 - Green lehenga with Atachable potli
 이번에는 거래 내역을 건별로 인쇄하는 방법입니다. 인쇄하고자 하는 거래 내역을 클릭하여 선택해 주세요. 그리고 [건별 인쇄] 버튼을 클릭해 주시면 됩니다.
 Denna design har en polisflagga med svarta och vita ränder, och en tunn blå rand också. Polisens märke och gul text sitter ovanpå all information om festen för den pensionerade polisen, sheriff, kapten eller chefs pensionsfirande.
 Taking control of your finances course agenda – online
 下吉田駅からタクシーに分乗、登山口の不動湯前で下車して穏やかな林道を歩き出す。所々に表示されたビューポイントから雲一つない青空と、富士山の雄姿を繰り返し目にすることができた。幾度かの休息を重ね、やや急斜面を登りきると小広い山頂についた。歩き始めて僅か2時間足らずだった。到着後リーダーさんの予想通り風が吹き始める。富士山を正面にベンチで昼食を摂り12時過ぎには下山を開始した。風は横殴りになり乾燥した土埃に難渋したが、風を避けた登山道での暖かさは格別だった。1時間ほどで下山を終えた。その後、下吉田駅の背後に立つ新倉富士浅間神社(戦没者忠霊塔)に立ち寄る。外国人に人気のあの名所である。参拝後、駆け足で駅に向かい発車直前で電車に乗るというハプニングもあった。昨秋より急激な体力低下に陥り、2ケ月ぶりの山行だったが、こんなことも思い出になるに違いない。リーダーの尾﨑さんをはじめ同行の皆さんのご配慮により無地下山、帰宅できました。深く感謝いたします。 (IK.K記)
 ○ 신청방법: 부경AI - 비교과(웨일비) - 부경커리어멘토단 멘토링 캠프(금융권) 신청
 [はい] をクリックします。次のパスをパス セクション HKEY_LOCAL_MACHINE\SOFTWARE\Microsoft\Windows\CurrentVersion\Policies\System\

- [TASK ITEM]: From the line with "下吉田駅からタクシーに分乗、" through the last line of the records, set down every line exactly as written and leave out all others.

- [COMPLETED EXERCISE]:
 下吉田駅からタクシーに分乗、登山口の不動湯前で下車して穏やかな林道を歩き出す。所々に表示されたビューポイントから雲一つない青空と、富士山の雄姿を繰り返し目にすることができた。幾度かの休息を重ね、やや急斜面を登りきると小広い山頂についた。歩き始めて僅か2時間足らずだった。到着後リーダーさんの予想通り風が吹き始める。富士山を正面にベンチで昼食を摂り12時過ぎには下山を開始した。風は横殴りになり乾燥した土埃に難渋したが、風を避けた登山道での暖かさは格別だった。1時間ほどで下山を終えた。その後、下吉田駅の背後に立つ新倉富士浅間神社(戦没者忠霊塔)に立ち寄る。外国人に人気のあの名所である。参拝後、駆け足で駅に向かい発車直前で電車に乗るというハプニングもあった。昨秋より急激な体力低下に陥り、2ケ月ぶりの山行だったが、こんなことも思い出になるに違いない。リーダーの尾﨑さんをはじめ同行の皆さんのご配慮により無地下山、帰宅できました。深く感謝いたします。 (IK.K記)
 ○ 신청방법: 부경AI - 비교과(웨일비) - 부경커리어멘토단 멘토링 캠프(금융권) 신청
 [はい] をクリックします。次のパスをパス セクション HKEY_LOCAL_MACHINE\SOFTWARE\Microsoft\Windows\CurrentVersion\Policies\System\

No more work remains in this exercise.